What you should do.
Pictures stay out of the copy. Everything else in the records must be repeated exactly.

+---+

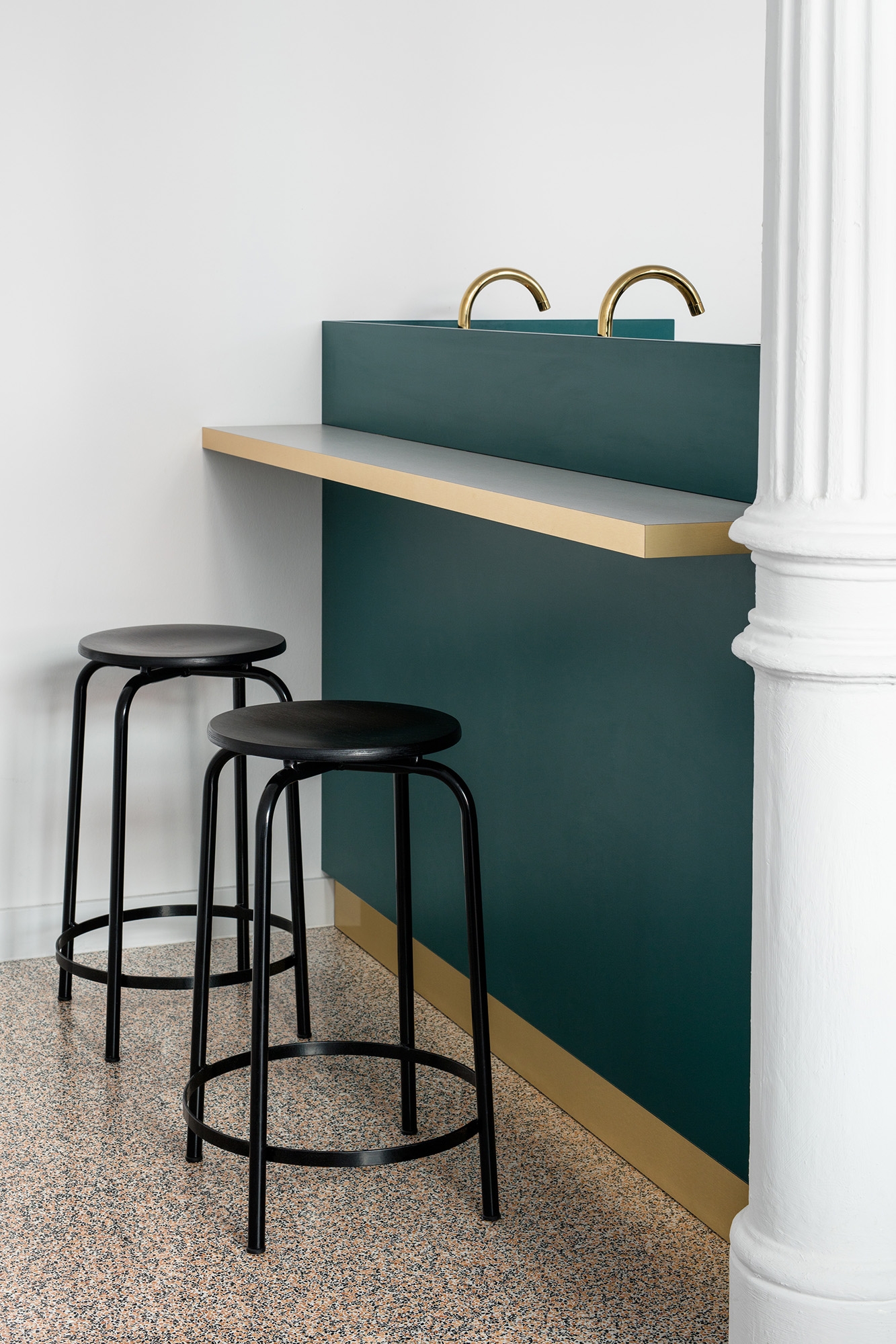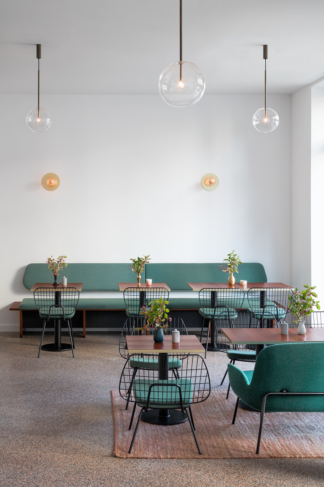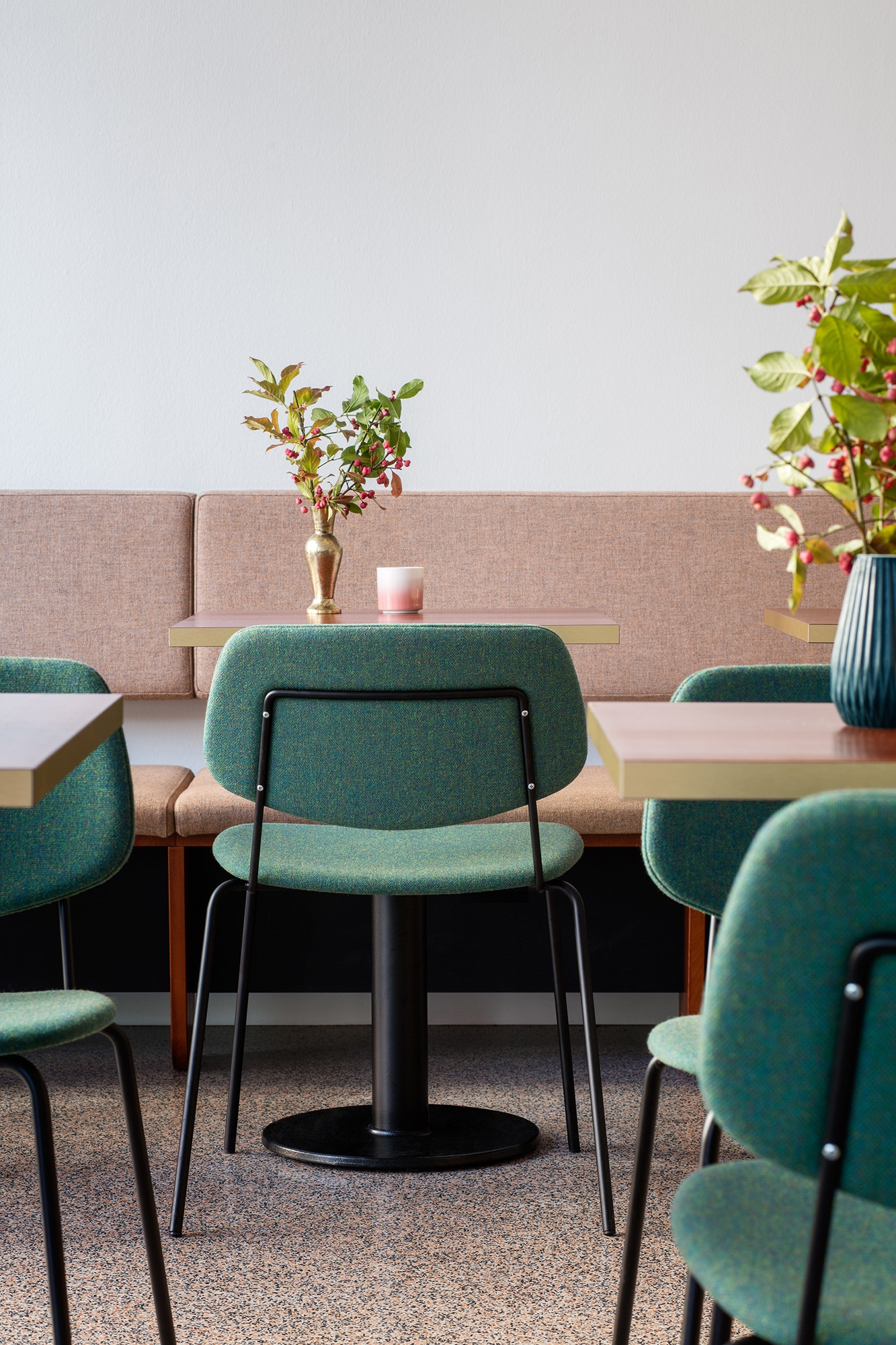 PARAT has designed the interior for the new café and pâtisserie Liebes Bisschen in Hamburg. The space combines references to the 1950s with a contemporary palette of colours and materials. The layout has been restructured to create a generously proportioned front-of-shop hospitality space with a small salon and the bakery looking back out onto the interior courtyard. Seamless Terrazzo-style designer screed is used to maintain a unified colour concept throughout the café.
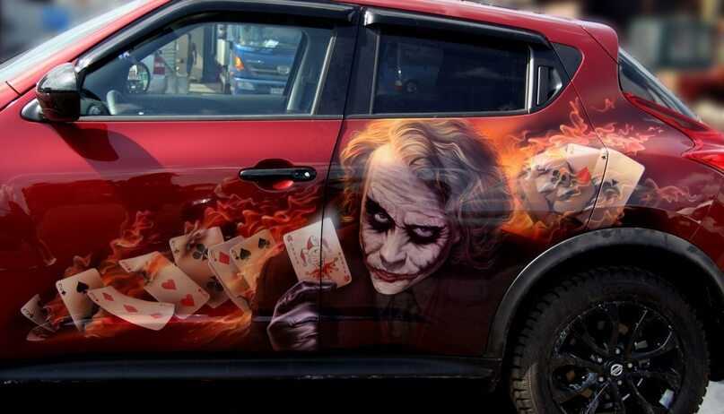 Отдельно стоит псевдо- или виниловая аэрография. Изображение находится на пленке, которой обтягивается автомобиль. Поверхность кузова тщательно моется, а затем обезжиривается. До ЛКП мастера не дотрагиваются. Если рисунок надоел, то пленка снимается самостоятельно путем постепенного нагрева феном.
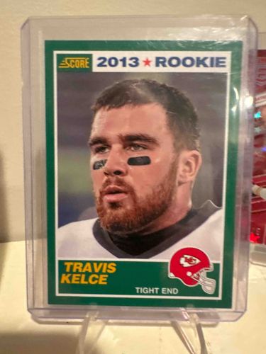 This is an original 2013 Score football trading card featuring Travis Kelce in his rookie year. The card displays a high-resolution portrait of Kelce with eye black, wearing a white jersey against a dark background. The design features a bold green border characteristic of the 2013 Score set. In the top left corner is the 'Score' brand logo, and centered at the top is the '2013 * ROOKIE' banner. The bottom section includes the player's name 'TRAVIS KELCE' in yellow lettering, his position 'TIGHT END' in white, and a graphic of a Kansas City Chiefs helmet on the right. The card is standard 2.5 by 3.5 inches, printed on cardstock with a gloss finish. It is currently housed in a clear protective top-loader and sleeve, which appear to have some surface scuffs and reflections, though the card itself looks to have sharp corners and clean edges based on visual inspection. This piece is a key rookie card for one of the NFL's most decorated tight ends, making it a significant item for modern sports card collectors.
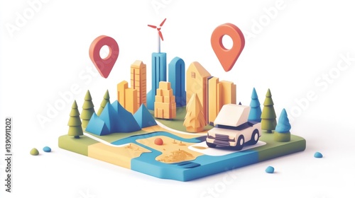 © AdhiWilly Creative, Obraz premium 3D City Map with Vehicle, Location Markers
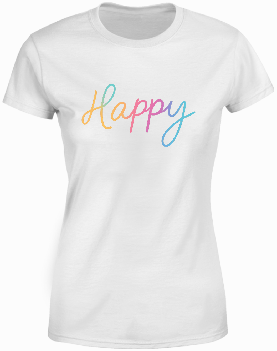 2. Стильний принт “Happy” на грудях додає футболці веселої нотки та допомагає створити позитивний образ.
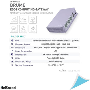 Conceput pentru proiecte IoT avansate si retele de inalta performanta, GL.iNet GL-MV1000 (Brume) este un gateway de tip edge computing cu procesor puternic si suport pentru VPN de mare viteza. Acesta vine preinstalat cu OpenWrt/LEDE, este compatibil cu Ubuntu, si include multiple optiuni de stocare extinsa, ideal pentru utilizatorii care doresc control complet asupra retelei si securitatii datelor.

+---+

Reply.
 PARAT has designed the interior for the new café and pâtisserie Liebes Bisschen in Hamburg. The space combines references to the 1950s with a contemporary palette of colours and materials. The layout has been restructured to create a generously proportioned front-of-shop hospitality space with a small salon and the bakery looking back out onto the interior courtyard. Seamless Terrazzo-style designer screed is used to maintain a unified colour concept throughout the café.
 Отдельно стоит псевдо- или виниловая аэрография. Изображение находится на пленке, которой обтягивается автомобиль. Поверхность кузова тщательно моется, а затем обезжиривается. До ЛКП мастера не дотрагиваются. Если рисунок надоел, то пленка снимается самостоятельно путем постепенного нагрева феном.
 This is an original 2013 Score football trading card featuring Travis Kelce in his rookie year. The card displays a high-resolution portrait of Kelce with eye black, wearing a white jersey against a dark background. The design features a bold green border characteristic of the 2013 Score set. In the top left corner is the 'Score' brand logo, and centered at the top is the '2013 * ROOKIE' banner. The bottom section includes the player's name 'TRAVIS KELCE' in yellow lettering, his position 'TIGHT END' in white, and a graphic of a Kansas City Chiefs helmet on the right. The card is standard 2.5 by 3.5 inches, printed on cardstock with a gloss finish. It is currently housed in a clear protective top-loader and sleeve, which appear to have some surface scuffs and reflections, though the card itself looks to have sharp corners and clean edges based on visual inspection. This piece is a key rookie card for one of the NFL's most decorated tight ends, making it a significant item for modern sports card collectors.
 © AdhiWilly Creative, Obraz premium 3D City Map with Vehicle, Location Markers
 2. Стильний принт “Happy” на грудях додає футболці веселої нотки та допомагає створити позитивний образ.
 Conceput pentru proiecte IoT avansate si retele de inalta performanta, GL.iNet GL-MV1000 (Brume) este un gateway de tip edge computing cu procesor puternic si suport pentru VPN de mare viteza. Acesta vine preinstalat cu OpenWrt/LEDE, este compatibil cu Ubuntu, si include multiple optiuni de stocare extinsa, ideal pentru utilizatorii care doresc control complet asupra retelei si securitatii datelor.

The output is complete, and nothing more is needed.